Mine is much simpler than those recipes, though. I just mix peanut butter (crunchy preferred) with hot water and chili paste (crushed chili sauce). It's a very simple version of Asian peanut sauce watered down. Fish sauce is a nice addition, but not necessary. To the broth I add veggies - broccoli and tomato are especially nice - and rice noodles or rice if I have it. This is so easy to make, I'm keeping peanut butter and chili paste at work so I can make a quick bowl of it when I've forgotten to pack a lunch. And for winter, what could be better than a soup with spicy hot broth?

Friday, September 10, 2010

For Desperate Moms

To be fair, the sign on the men's room door was the same. Taken at a public rest stop in Michigan.

Scrappy at Delta

My division chair, Roz, training Scrappy to take over after she retires this year.

Tuesday, August 17, 2010

How I Spent My Summer 'Vacation'

With this being the final week before I return to Delta, I thought it was a good time to take an inventory of the past couple of months. It seems like every summer, I feel like it's a constant struggle to have a summer - you know, those 'lazy dayz' we remember from our youth of hanging out on the beach, long bike rides, falling asleep in the hammock with a good book. It's been a long time since I've felt like I've had a summer like that. All the same, I can look back and take into account a lot of activities that otherwise would not take place during the school year. Enjoyable? Not?

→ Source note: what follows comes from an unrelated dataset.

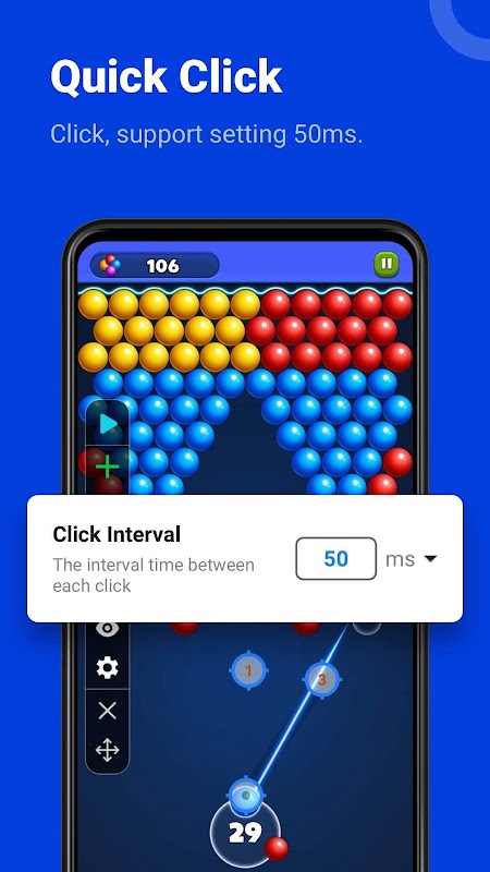 Auto Clicker là một công cụ nhấp tự động và nó cũng là một công cụ tự động mô phỏng cách nhấp trên màn hình điện thoại di động. Người dùng chỉ cần thiết lập thời gian, sau đó nó sẽ tự động nhấp hoặc trượt bất kỳ vị trí nào.

I won't say...

What I've read this summer:
The Immortal Life of Henrietta Lacks by Rebecca Skloot
Lilies of the Field by William Edmund Barrett
Jaws by Peter Benchley
Precious by Sapphire
Aesop's Fables
the new editions of my film text and my ENG090 texts (most of them, anyway - okay, enough of them for now!)

...and of course, dozens of poems and short stories in lit mags, and five hundred million e-mails.

Still working on:
The Case for God by Karen Armstrong
Native American Myths

Still plan on reading:
Star Island by Carl Hiaasen

Movies I've seen:
Inception
Salt
Fish Tank
Robin Hood
Whatever Works
The Last Station
Crazyheart

Places I went:
Oklahoma
Chicago
Racine, Wisconsin
Traverse City
Traverse City
Traverse City
Lansing
Charlevoix

Days Spent at the Beach:
1 rock hunting in Charlevoix
1 evening swim on the penninsula in TC

House Projects I finished:
Put the side porch screens up.
Painting two rooms and a hallway.
Planted flowers that I then had to water.
Cleaned my room and filed receipts for the past four months.
Cleaned the basement (not that you can tell it now).
Cleaned the garage (ditto).
Cleaned the gutters.
Cleaned the fish tank.
Packed, cleaned house, and helped move the Hills from TC to SC.

Visitors to Bay City:
Dave from Oregon
Dave from Oregon
Lindsay and Ian from Oklahoma
Brian and Ben and dog from Naperville, IL
Terry and Stacy and family with dog (RIP Muddy) from Caledonia, NY
Lisa and Emerson from New Orleans, LA
Dave from Oregon

New Additions to the Family:
Copper

Friday, July 09, 2010

TC Seasons

Remember this picture from a previous blog?








Well, here's the same area, six months later.







I love the changing seasons in Michigan.